From the listing that follows, output everything exactly except the pictures.

◆ Stored data:

────

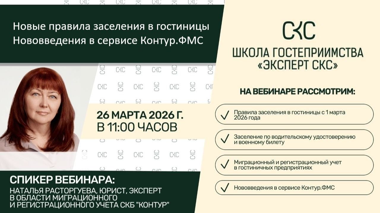ВЕБИНАР "Новые правила заселения в гостиницы. Нововведения в сервисе Контур.ФМС" 🔜СПИКЕР: Наталья Расторгуева, юрист, ведущий эксперт в области миграционного и регистрационного учета СКБ "Контур" На вебинаре рассмотрим: ✅Правила заселения в гостиницы с 1 марта 2026 года ✅Заселение по водительскому удостоверению и военному билету ✅Миграционный и регистрационный учет в гостиничных предприятиях ✅Нововведения в сервисе Контур.ФМС
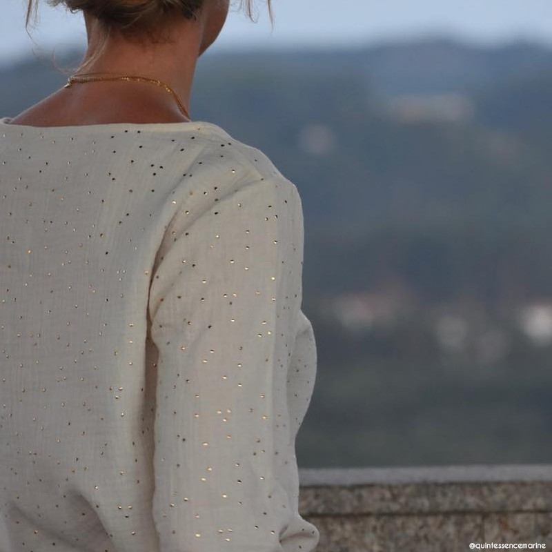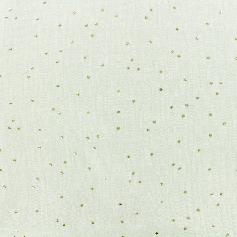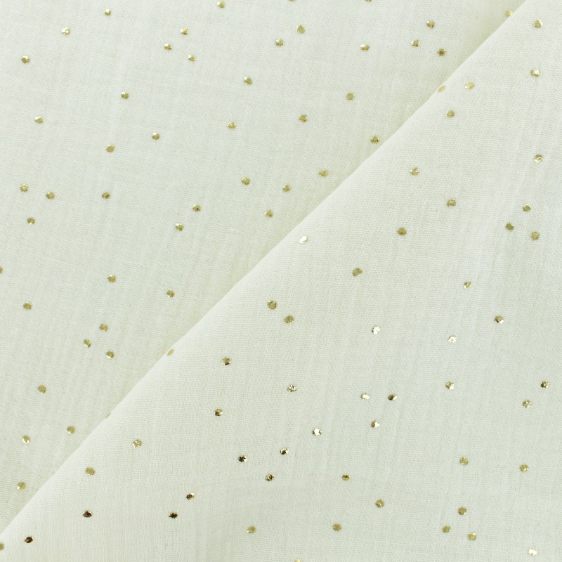 Ce tissu double gaze de coton écru à pois dorés est d'une extrême douceur. Elle sera parfaite pour faire des vêtements tels que des blouses ou pour confectionner la mythique petite robe noire.
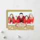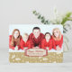 Une jolie bordure en mitaines blanches et dorées dessinée à la main est au bas de cette carte à plat modèle photo de vacances. Votre propre photo recouvre la partie supérieure, et une bannière rouge ajoute une jolie touche de couleur pour séparer les deux parties. "Joyeuses fêtes !" est la première ligne sur la bannière, avec votre propre texte en rouge correspondant ci-dessous. L'arrière de la carte est assorti à l'or solide, ce qui vous permet d'écrire votre propre message personnel, si vous voulez. Simple, festif et joli !

────

◆ Task solution:
ВЕБИНАР "Новые правила заселения в гостиницы. Нововведения в сервисе Контур.ФМС" 🔜СПИКЕР: Наталья Расторгуева, юрист, ведущий эксперт в области миграционного и регистрационного учета СКБ "Контур" На вебинаре рассмотрим: ✅Правила заселения в гостиницы с 1 марта 2026 года ✅Заселение по водительскому удостоверению и военному билету ✅Миграционный и регистрационный учет в гостиничных предприятиях ✅Нововведения в сервисе Контур.ФМС
 Ce tissu double gaze de coton écru à pois dorés est d'une extrême douceur. Elle sera parfaite pour faire des vêtements tels que des blouses ou pour confectionner la mythique petite robe noire.
 Une jolie bordure en mitaines blanches et dorées dessinée à la main est au bas de cette carte à plat modèle photo de vacances. Votre propre photo recouvre la partie supérieure, et une bannière rouge ajoute une jolie touche de couleur pour séparer les deux parties. "Joyeuses fêtes !" est la première ligne sur la bannière, avec votre propre texte en rouge correspondant ci-dessous. L'arrière de la carte est assorti à l'or solide, ce qui vous permet d'écrire votre propre message personnel, si vous voulez. Simple, festif et joli !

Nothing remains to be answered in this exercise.